-- RECORDED INFORMATION follows --

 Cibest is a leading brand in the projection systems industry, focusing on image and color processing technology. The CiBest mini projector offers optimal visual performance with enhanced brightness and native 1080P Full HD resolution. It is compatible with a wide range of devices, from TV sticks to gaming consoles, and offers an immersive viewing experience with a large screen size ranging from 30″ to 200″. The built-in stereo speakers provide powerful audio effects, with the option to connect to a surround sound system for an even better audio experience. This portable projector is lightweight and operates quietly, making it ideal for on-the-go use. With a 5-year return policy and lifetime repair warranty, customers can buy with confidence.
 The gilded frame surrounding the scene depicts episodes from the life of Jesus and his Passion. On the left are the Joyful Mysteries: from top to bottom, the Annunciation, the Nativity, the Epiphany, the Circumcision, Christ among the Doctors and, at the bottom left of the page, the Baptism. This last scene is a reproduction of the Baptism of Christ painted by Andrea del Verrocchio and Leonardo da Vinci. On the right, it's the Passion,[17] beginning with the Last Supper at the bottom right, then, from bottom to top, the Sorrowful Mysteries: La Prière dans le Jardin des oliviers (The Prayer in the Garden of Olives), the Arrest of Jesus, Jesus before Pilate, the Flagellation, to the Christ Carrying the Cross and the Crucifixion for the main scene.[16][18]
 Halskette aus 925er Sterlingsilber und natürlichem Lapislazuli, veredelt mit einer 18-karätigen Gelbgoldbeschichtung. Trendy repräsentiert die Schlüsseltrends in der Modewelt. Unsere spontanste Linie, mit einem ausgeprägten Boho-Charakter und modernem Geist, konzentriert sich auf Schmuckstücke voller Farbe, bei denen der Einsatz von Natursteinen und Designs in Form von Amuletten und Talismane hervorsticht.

-- RECORDED INFORMATION concluded --
-- RECORDED INFORMATION follows --

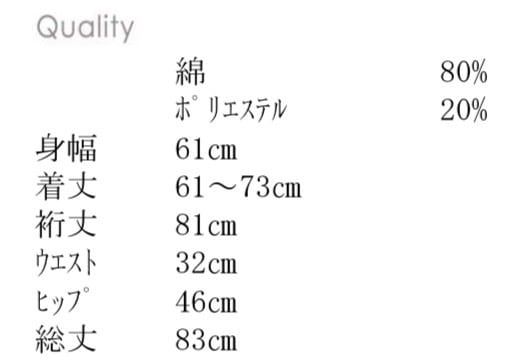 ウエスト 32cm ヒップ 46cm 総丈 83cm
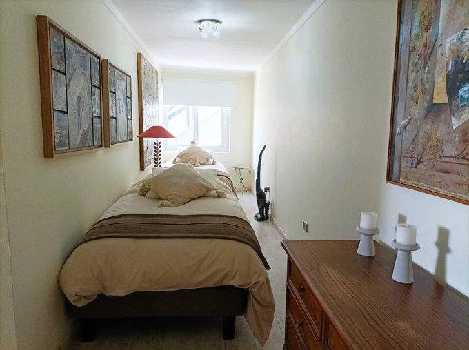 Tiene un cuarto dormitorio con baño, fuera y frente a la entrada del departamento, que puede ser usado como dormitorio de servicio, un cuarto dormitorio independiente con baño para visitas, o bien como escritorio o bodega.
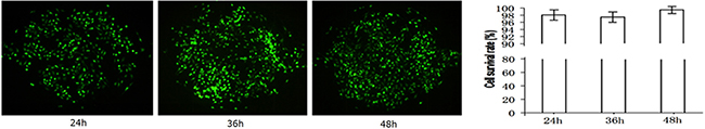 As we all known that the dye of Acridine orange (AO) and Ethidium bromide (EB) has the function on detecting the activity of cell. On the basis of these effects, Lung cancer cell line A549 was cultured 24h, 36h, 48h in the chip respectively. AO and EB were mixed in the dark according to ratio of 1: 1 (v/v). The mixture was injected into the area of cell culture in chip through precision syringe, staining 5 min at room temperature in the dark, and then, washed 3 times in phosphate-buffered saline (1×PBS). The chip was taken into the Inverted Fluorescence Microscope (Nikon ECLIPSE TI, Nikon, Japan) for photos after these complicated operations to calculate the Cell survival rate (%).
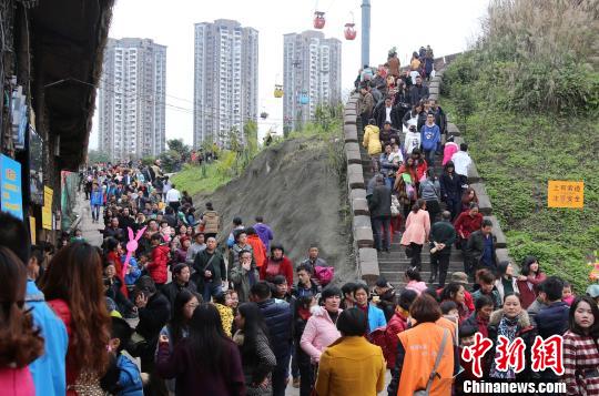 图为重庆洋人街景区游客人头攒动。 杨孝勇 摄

-- RECORDED INFORMATION concluded --

THE TASK
Exact copy, no pictures. Write out the lines in the entries above, starting with the line with "ウエスト 32cm ヒップ 46cm 総丈 83cm" and going on through the line with "Tiene un cuarto", keeping both.

RESULT FOR THIS TASK
 ウエスト 32cm ヒップ 46cm 総丈 83cm
 Tiene un cuarto dormitorio con baño, fuera y frente a la entrada del departamento, que puede ser usado como dormitorio de servicio, un cuarto dormitorio independiente con baño para visitas, o bien como escritorio o bodega.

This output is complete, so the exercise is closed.